* EXERCISE REQUIREMENTS:
All of the records below should be retyped exactly, with no pictures included.

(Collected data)
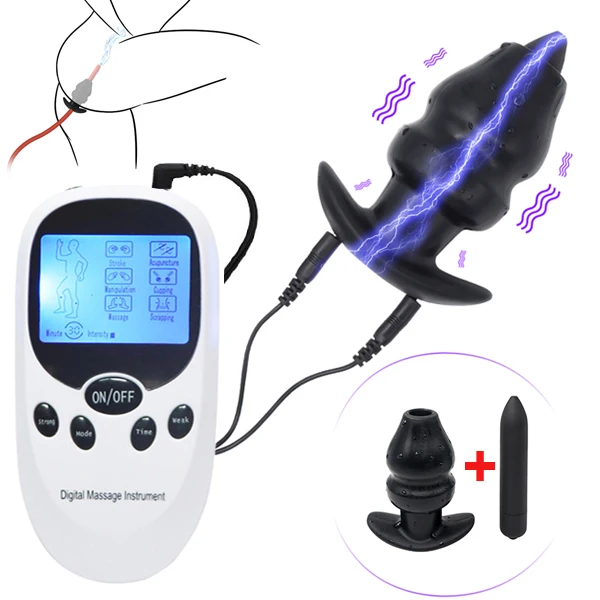 Электрический шок полый Анальная пробка вибратор электро стимуляция массажер простаты анальный расширитель вагинальный спектральный клизма секс-инструмент
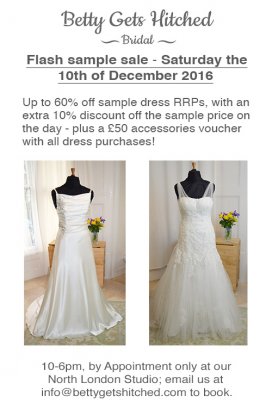 Calling all brides - flash sample sale alert SATURDAY 10TH DECEMBER 2016! This is our LAST sample sale of the year, so if you'd like to have your wedding dress all wrapped up before Christmas then this is the perfect opportunity. With up to 60% off all RRPs plus an EXTRA 10% off on the day, we are also giving all brides who find their dress a £50 accessories voucher to use up until their first fitting. We have limited appointments available from 10-6pm, email info@bettygetshitched.com to book your appointment with us. It's not to be missed!
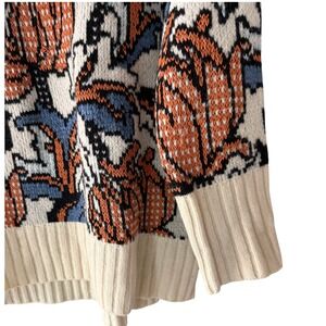 Beautiful Anthropologie Eris sweater featuring a bold floral jacquard knit in warm rust, navy, and cream tones. This piece has an effortless oversized silhouette with drop shoulders and wide ribbed trim at the hem and cuffs. The mixed knit texture gives it that signature Anthropologie boho-artsy feel — cozy but elevated.
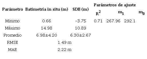 Dentro de la comparación de las superficies batimétricas derivadas, se evidenció que la SDB obtuvo un promedio de profundidad de 6.30 m (Cuadro 3); la muestra de puntos (n=100) fue acorde y no presentó saturación en la regresión lineal que alcanza un R2 de 0.71; el ajuste del modelo determinó los parámetros de ajuste m1 y m0; el valor del RMSE y MAE fue de 1.49 y 2.22 m respectivamente.
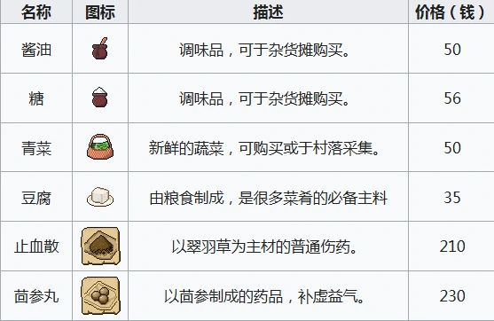 采购食材看这里:调味品买酱油(50钱)、糖(60钱);蔬菜选青菜(50钱,也可自采);基础材料囤豆腐(35钱)。想学菜谱?花2485钱购豆腐配方,厨房直接解锁新菜。
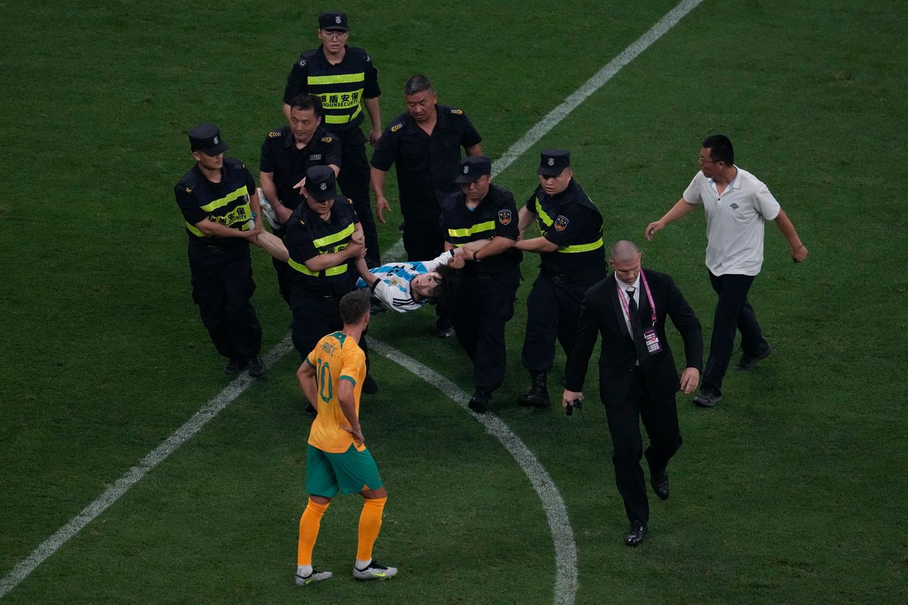 這一出格行為發生在週四阿根廷對澳大利亞的友誼賽期間。視頻迅速在中國社交媒體上瘋傳,視頻顯示邸某衝入球場,短暫擁抱了梅西,並與阿根廷隊門將埃米利亞諾·馬丁內斯擊掌,同時躲過了多名安保人員。可以聽到在他奔跑時球迷為他歡呼,最後他倒在草地上,被多名安保人員抬走。
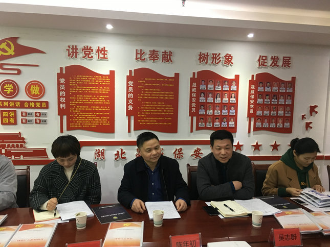 最后陈年初副会长作了讲话,他要求武汉市保安行业企业,要认真学习贯彻习近平新时代中国特色社会主义思想,进一步增强“四个意识”,提升政治站位,把组织优势转化为发展优势,把组织资源转化为发展资源,把组织活力转化为发展活力。要抓好非公企业党组织建设,充分发挥党组织战斗堡垒作用,创新规范非公企业党建活动。要通过党建工作的深入推进,提振全省保安协会会员单位干事创业的精气神,增强攻坚克难的信心,干出更好的业绩,为湖北“建成支点、走在前列”作出新贡献。

* TASK RESULT:
 Электрический шок полый Анальная пробка вибратор электро стимуляция массажер простаты анальный расширитель вагинальный спектральный клизма секс-инструмент
 Calling all brides - flash sample sale alert SATURDAY 10TH DECEMBER 2016! This is our LAST sample sale of the year, so if you'd like to have your wedding dress all wrapped up before Christmas then this is the perfect opportunity. With up to 60% off all RRPs plus an EXTRA 10% off on the day, we are also giving all brides who find their dress a £50 accessories voucher to use up until their first fitting. We have limited appointments available from 10-6pm, email info@bettygetshitched.com to book your appointment with us. It's not to be missed!
 Beautiful Anthropologie Eris sweater featuring a bold floral jacquard knit in warm rust, navy, and cream tones. This piece has an effortless oversized silhouette with drop shoulders and wide ribbed trim at the hem and cuffs. The mixed knit texture gives it that signature Anthropologie boho-artsy feel — cozy but elevated.
 Dentro de la comparación de las superficies batimétricas derivadas, se evidenció que la SDB obtuvo un promedio de profundidad de 6.30 m (Cuadro 3); la muestra de puntos (n=100) fue acorde y no presentó saturación en la regresión lineal que alcanza un R2 de 0.71; el ajuste del modelo determinó los parámetros de ajuste m1 y m0; el valor del RMSE y MAE fue de 1.49 y 2.22 m respectivamente.
 采购食材看这里:调味品买酱油(50钱)、糖(60钱);蔬菜选青菜(50钱,也可自采);基础材料囤豆腐(35钱)。想学菜谱?花2485钱购豆腐配方,厨房直接解锁新菜。
 這一出格行為發生在週四阿根廷對澳大利亞的友誼賽期間。視頻迅速在中國社交媒體上瘋傳,視頻顯示邸某衝入球場,短暫擁抱了梅西,並與阿根廷隊門將埃米利亞諾·馬丁內斯擊掌,同時躲過了多名安保人員。可以聽到在他奔跑時球迷為他歡呼,最後他倒在草地上,被多名安保人員抬走。
 最后陈年初副会长作了讲话,他要求武汉市保安行业企业,要认真学习贯彻习近平新时代中国特色社会主义思想,进一步增强“四个意识”,提升政治站位,把组织优势转化为发展优势,把组织资源转化为发展资源,把组织活力转化为发展活力。要抓好非公企业党组织建设,充分发挥党组织战斗堡垒作用,创新规范非公企业党建活动。要通过党建工作的深入推进,提振全省保安协会会员单位干事创业的精气神,增强攻坚克难的信心,干出更好的业绩,为湖北“建成支点、走在前列”作出新贡献。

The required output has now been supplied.